Carver was a professor at Tuskegee Institute, and experimented with methods of growing both sweet potato and peanut. He was able to grow 240 bushels of sweet potato from a single acre when most farmers only produced 40 bushels. A bushel is about 50 pounds, to this amounted to an increase from 2000 pounds and acre to 12000 pounds per acre.

One of the reasons that Carver worked with sweet potatoes was a long standing tradition of the American slaves to grow sweet potatoes as a survival food. The founder of Tuskegee was also born into slavery and remained a slave until Freedom in 1862 when he was about 8 years old. In his book,Up from Slavery, Booker T Washington described the cabin of his youth.The small cabin had an earth floor, and in the floor there were a few loose boards that covered a pit dug in the ground. The potato pit was a common feature to slave cabins and was a place to store sweet potatoes through the winter.

The ISH experiments and trials are using both sweet potato and peanut. The sweet potato experiments have been so sucessful, we are releasing the information, asking homeowners to start growing sweet potatoes as a survival food. The peanut will be released later, perhaps in spring or 2018.

Sweet potato growing protocol

We have tried growing sweet potatoes in several different methods and have success with quite a few.

Colombia trials

In Colombia, Cesar Marulanda has been growing sweet potatoes in discarded tires. He cuts the tires in two lengthwise, making two growing containers. He raises these tire growers up to 36" in the air using boards as legs.

The tire growers were filled with a substrate of 30% poor soil, 30% grey river sand, 30% rice hull and 10% compost from home residues.

He had excellent productivity, harvesting sweet potatoes in 95 days. Each grower produced 8 sweet potatoes of about 3 pounds each, or 24 pounds sweet potato per grower.

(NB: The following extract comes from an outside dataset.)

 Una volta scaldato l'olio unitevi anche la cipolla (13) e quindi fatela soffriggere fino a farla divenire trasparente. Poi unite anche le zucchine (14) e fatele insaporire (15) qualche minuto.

The tire growing space is about 3 square feet, so this amounts to a production of about 72 pounds per square meter.

The tire growers can be used for more than one season, so they could, if used for three seasons, produce an amazing 216 pounds per square meter.

Fair Play Missouri trials

In Fair Play, missouri we planted 5 plastic container growers with a local sweet potato and a larger trial of commercial beauregard sweet potato. The entire crop of beauregards were poor performers due to insect attack.Insect control is a necessity.

The plastic containers did produce and averaged about 20 pounds per square meter. For this to continue through the year would require a greenhouse in the temperate climate of Missouri.

Bangladesh trials

The trials in Bangladesh have been hampered by insect attack.

Conclusions

The sweet potatoes show a very strong potential to help a family in poverty end hunger. The use of simplified hydroponics will allow sweet potatoes to be grown in smaller spaces.

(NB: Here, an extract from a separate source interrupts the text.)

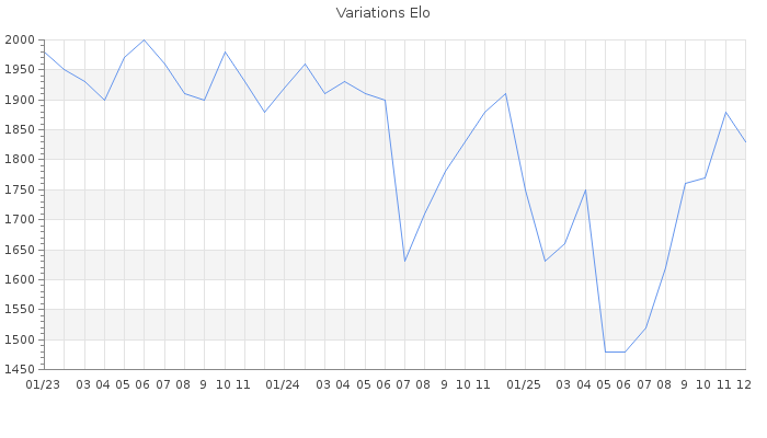 Date d'inscription : 01/02/07. Donateur pour EchecsEmail : Non ( Cliquez ici pour soutenir EchecsEmail. ) Elo non arrondi:1834.2 ( 208 sur 449 joueurs ) Nombre de victoires :3114 Nombre de nulles :668 Nombre de défaites :3066 Temps de réponse moyen par coup : 0J 16H 10M 31S ( Moyenne sur 5472 coups ). Rd ( Un petit rd indique un elo fiable ) : 50 Magic Elo:1294 Magic Rd : 206 Elo maximum atteint ( en étant classé ) :2210 Elo maximum atteint cette année :1900 Nombre coups joués : 225582 Classement coupe : Inactif Points coupe : 0 Classement Coupe Magic Chess : Inactif Points Coupe Magic Chess : 0 Tournoi échelle : Inactif. Tournois gagnés : 03/12/2025 : Cat 2 : Victoire dans le tournoi n°26883 29/11/2025 : Cat 3 : Victoire dans le tournoi n°27022 23/11/2025 : Cat 2 : Victoire dans le tournoi n°26938 01/11/2025 : Cat 2 : Victoire dans le tournoi n°26821 09/10/2025 : Cat 2 : Victoire dans le tournoi n°26925 02/08/2025 : Cat 2 : Victoire dans le tournoi n°26752 22/11/2024 : Cat 3 : Victoire dans le tournoi n°25970 21/11/2024 : Cat 3 : Victoire dans le tournoi n°25971 22/07/2024 : Cat 4 : Victoire dans le tournoi n°25553 09/03/2024 : Cat 4 : Victoire dans le tournoi n°25188 18/01/2024 : Cat 4 : Victoire dans le tournoi n°25025 08/11/2023 : Cat 4 : Victoire dans le tournoi n°24888 18/10/2023 : Cat 4 : Victoire dans le tournoi n°24926 31/05/2023 : Cat 4 : Victoire dans le tournoi n°24585 30/03/2023 : Cat 4 : Victoire dans le tournoi n°24446 17/03/2023 : Cat 4 : Victoire dans le tournoi n°24313 20/01/2023 : Cat 4 : Victoire dans le tournoi n°24249 09/10/2022 : Cat 4 : Victoire dans le tournoi n°24054 21/09/2022 : Cat 4 : Victoire dans le tournoi n°23754 20/09/2022 : Cat 4 : Victoire dans le tournoi n°23773 04/09/2022 : Cat 4 : Victoire dans le tournoi n°23393 19/07/2022 : Cat 3 : Victoire dans le tournoi n°23153 09/07/2022 : Cat 4 : Victoire dans le tournoi n°23599 08/07/2022 : Cat 4 : Victoire dans le tournoi n°23724 28/05/2022 : Cat 3 : Victoire dans le tournoi n°23325 25/05/2022 : Cat 3 : Victoire dans le tournoi n°23297 23/04/2022 : Cat 4 : Victoire dans le tournoi n°23367 03/04/2022 : Cat 4 : Victoire dans le tournoi n°22476 21/12/2021 : Cat 3 : Victoire dans le tournoi n°23139 22/11/2021 : Cat 4 : Victoire dans le tournoi n°21830 05/11/2021 : Cat 3 : Victoire dans le tournoi n°23125 23/08/2021 : Cat 4 : Victoire dans le tournoi n°22187 11/07/2021 : Cat 4 : Victoire dans le tournoi n°22257 30/06/2021 : Cat 4 : Victoire dans le tournoi n°22389 24/06/2021 : Cat 4 : Victoire dans le tournoi n°21771 23/06/2021 : Cat 4 : Victoire dans le tournoi n°22292 14/05/2021 : Cat 4 : Victoire dans le tournoi n°21867 18/04/2021 : Cat 3 : Victoire dans le tournoi n°21693 30/11/2020 : Cat 3 : Victoire dans le tournoi n°21759 05/08/2020 : Cat 3 : Victoire dans le tournoi n°20847 19/05/2020 : Cat 3 : Victoire dans le tournoi n°20860 07/04/2020 : Cat 4 : Victoire dans le tournoi n°20040 21/03/2020 : Cat 4 : Victoire dans le tournoi n°20315 10/02/2020 : Cat 3 : Victoire dans le tournoi n°19891 13/12/2019 : Cat 3 : Victoire dans le tournoi n°19948 07/11/2019 : Cat 3 : Victoire dans le tournoi n°19960 18/10/2019 : Cat 4 : Victoire dans le tournoi n°19259 18/10/2019 : Cat 4 : Victoire dans le tournoi n°19595 15/06/2019 : Cat 4 : Victoire dans le tournoi n°19550 14/06/2019 : Cat 4 : Victoire dans le tournoi n°19698 06/06/2019 : Cat 4 : Victoire dans le tournoi n°19678 22/05/2019 : Cat 4 : Victoire dans le tournoi n°19649 18/05/2019 : Cat 4 : Victoire dans le tournoi n°19042 03/05/2019 : Cat 4 : Victoire dans le tournoi n°19581 21/04/2019 : Cat 4 : Victoire dans le tournoi n°19442 03/04/2019 : Cat 4 : Victoire dans le tournoi n°18820 13/03/2019 : Cat 4 : Victoire dans le tournoi n°18578 06/03/2019 : Cat 4 : Victoire dans le tournoi n°19304 27/02/2019 : Cat 4 : Victoire dans le tournoi n°19159 07/01/2019 : Cat 4 : Victoire dans le tournoi n°19083 22/12/2018 : Cat 4 : Victoire dans le tournoi n°19013 18/12/2018 : Cat 3 : Victoire dans le tournoi n°18993 17/12/2018 : Cat 3 : Victoire dans le tournoi n°19056 16/12/2018 : Cat 3 : Victoire dans le tournoi n°18962 17/11/2018 : Cat 3 : Victoire dans le tournoi n°18970 15/11/2018 : Cat 3 : Victoire dans le tournoi n°18958 13/11/2018 : Cat 3 : Victoire dans le tournoi n°18979 17/08/2018 : Cat 4 : Victoire dans le tournoi n°17943 06/08/2018 : Cat 4 : Victoire dans le tournoi n°18071 04/08/2018 : Cat 4 : Victoire dans le tournoi n°17999 02/08/2018 : Cat 4 : Victoire dans le tournoi n°18380 22/07/2018 : Cat 4 : Victoire dans le tournoi n°17974 25/06/2018 : Cat 4 : Victoire dans le tournoi n°17956 14/06/2018 : Cat 4 : Victoire dans le tournoi n°18035 09/06/2018 : Cat 4 : Victoire dans le tournoi n°17879 31/05/2018 : Cat 4 : Victoire dans le tournoi n°17830 26/05/2018 : Cat 4 : Victoire dans le tournoi n°17870 02/05/2018 : Cat 4 : Victoire dans le tournoi n°17802 23/04/2018 : Cat 4 : Victoire dans le tournoi n°17819 17/04/2018 : Cat 3 : Victoire dans le tournoi n°17464 11/04/2018 : Cat 4 : Victoire dans le tournoi n°17760 16/03/2018 : Cat 4 : Victoire dans le tournoi n°17667 08/03/2018 : Cat 4 : Victoire dans le tournoi n°17796 21/02/2018 : Cat 4 : Victoire dans le tournoi n°17549 15/02/2018 : Cat 3 : Victoire dans le tournoi n°17597 13/02/2018 : Cat 4 : Victoire dans le tournoi n°17516 02/02/2018 : Cat 4 : Victoire dans le tournoi n°17459 10/01/2018 : Cat 3 : Victoire dans le tournoi n°17445 07/01/2018 : Cat 3 : Victoire dans le tournoi n°17430 06/01/2018 : Cat 3 : Victoire dans le tournoi n°17365 03/11/2017 : Cat 4 : Victoire dans le tournoi n°16640 30/04/2017 : Cat 3 : Victoire dans le tournoi n°15238 22/03/2017 : Cat 4 : Victoire dans le tournoi n°15941 12/03/2017 : Cat 4 : Victoire dans le tournoi n°15282 01/03/2017 : Cat 4 : Victoire dans le tournoi n°15671 01/03/2017 : Cat 4 : Victoire dans le tournoi n°14901 11/02/2017 : Cat 4 : Victoire dans le tournoi n°15303 20/01/201

ISH is now releasing these trial information and asks for families to begin trials in their own gardens.

Protocols used

Start up kits to begin sweet potatoes are available at our catalog.

Research now

The insects have been a problem is most of the trials. We are working with experts now on finding a routine natural method of controlling insects.

Peanuts

The first trials on peanuts have started at the Fair Play, Mo site.

Peanuts are hard the germinate if birds and rodents are present. They need to be started in a protected area. We have this year established peanut in perlite trays, but poor production so far.

The peanut has interesting challenges. Because it is a legume, we can reduce nitrogen requirements if we establish the Mycorrhizal fungus in the substrate. If we can get the peanut stay in bloom, it might be possible to increase peanut production to a steady supply.

The past efforts of simplified hydroponics to end hunger have been hampered by the lack of a steady supply of a staple food. This breakthrough could be an important step in ending hunger. Any people or group willing to help us establish this protocol would be greatly appreciated.

As 30,000 people die of hunger every day, your efforts could help us see if our technology can reduce or end this terrible condition.

We owe a debt to our US slave population, African culture and tradition and the spirit of people of the past to find a means to survive.